「効率化は必ず必要になる」人口減少時代に挑む企業の戦略 生成AIで人手不足補う業務効率化 アズビル
企業でも進む「生成AI」の活用。若者など働き手の県外への流出が懸念されるなか、生成AIを積極的に取り入れている企業を取材した。
■全国約30の子会社を統括
東京に本社がある「アズビル」は、建物の空調や工場の生産ラインなどの自動制御システムガス・水道メーターの製造販売など、様々な分野で生活を支える企業だ。
アズビルグループとして全国約30社の子会社を統括していて、福島県内には関連会社も含め施設が7カ所。アズビルの山本清博社長が「今福島にある工場は、主力の工場の一つになっている」と話すように、グループの重要な拠点となっている。
■労務担当の圓谷さん
福島県白河市表郷にある「アズビル金門エナジープロダクツ」白河工場。ここでは400人を超える従業員が働いている。
この工場に勤務する、福島県西郷村出身の圓谷宏明(つむらやひろあき)さんは、総務人事課で労務を担当している。圓谷さんは「RPAといってパソコン・ロボットとか、DX関係の仕事をしている」と話す。
圓谷さんは従業員8000人を超えるアズビルグループ全体の、生成AIをテーマにしたコンテストで優勝した。
■生成AIを社内で活用へ
山本社長は「生成AIはすごいツールだなと思って、これは世の中変わるなと。社内では全力でアクセル踏んでくれと」と話し生成AIに期待を寄せる。
41チームが出場したコンテスト。圓谷さんのチームが提案したのは「生成AIを使って社内提案の企画書を作る」というもの。
圓谷さんはプロンプトと呼ばれるAIへの指示をつくりあげ、見事、満場一致で優勝した。
「作業者にはおそらくイメージがあると思うけど、それをAIに『この問題点どうしたらいい?』と問いかけると、その文章(提案書・企画書)を作ってくれるようなAIを作った」と圓谷さんはいう。
文章や企画書をつくるのが少し苦手な人でも、イメージを伝えるだけで企画書が作成できるため、スムーズな社内提案に繋げることが期待されている。
■AI活用で効率化
圓谷さんは、普段の仕事や私生活でもAIを利用している。仕事では、請求書やメールの作成といった単純作業を自動化、より早く正確に仕事が進むような環境整備をしている。

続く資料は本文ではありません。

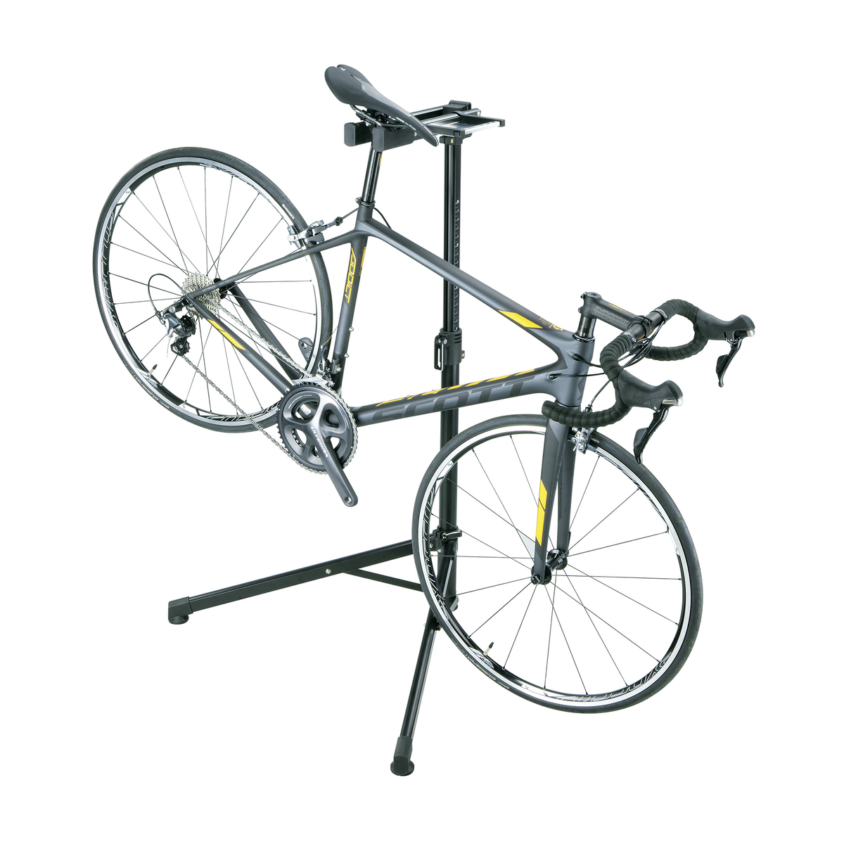 The PrepStand ZX workstand by Topeak protects your bike from damages or scratches on seat tube and seatpost, thanks to a material-friendly mechanism. Just lift your bike, hang seatpost or seat tube on the arm of bike holder, and lift up rear wheel for bike maintenance and adjustments. Rubber base feet increase stability.
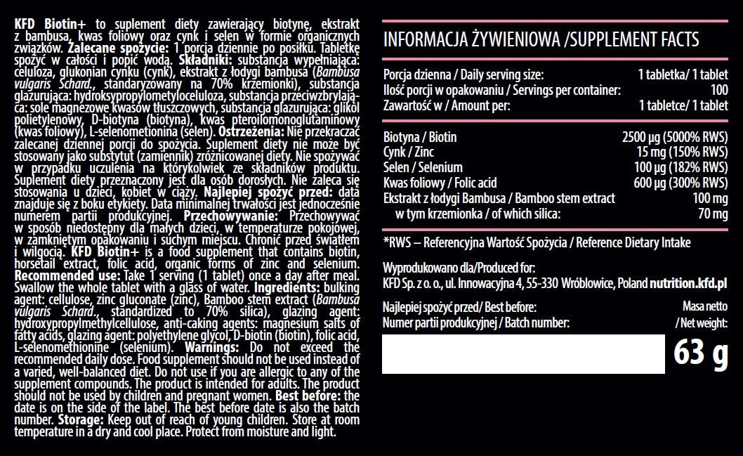 Biotin+ от KFD е първокласен комплекс от съставки, предназначен да поддържа здравето на косата, ноктите и кожата и да подпомага функциите на щитовидната жлеза и имунната система.

また会社の就業規則をAIに覚えさせ、従業員の勤務をAIで管理している。
さらに通勤時にも、AIで収集したニュースの情報を音声化。世の中で起きていることを効率的に知ることができるようにしている。
圓谷さんは「生成AIに限らず効率化は必ず必要になる。人口減少でやはり人材の確保が難しいところがあるので、活用して地方でも継続して進められるような使い方というか仕事の仕方が必要」と語った。
■AIに新しい働き方のヒント
山本社長は「人間の価値は生成AIで出来ることの外側にまだまだたくさんあるし、本来そっち側の方が楽しいと思う。決まったことをやるのは生成AIに任せてと。工場があって若者がそこで働いて楽しいと思える所がもっと増えるといいなと思っている」と語る。
生成AIは、福島県で働く選択をした圓谷さんにとっても働きやすい、生活しやすい環境を整備するための重要なツールとなっている。
「福島は交通の便と自然が豊かであるっていうことと、食事がすごくおいしい。福島県で働きたいなと思って仕事をしている」と圓谷さんは話した。
企業の生成AIの導入は、人口減少社会での効率化のツールとして、若者をはじめとした人材をつなぎとめるツールとして、新しい働き方のヒントがつまっていた。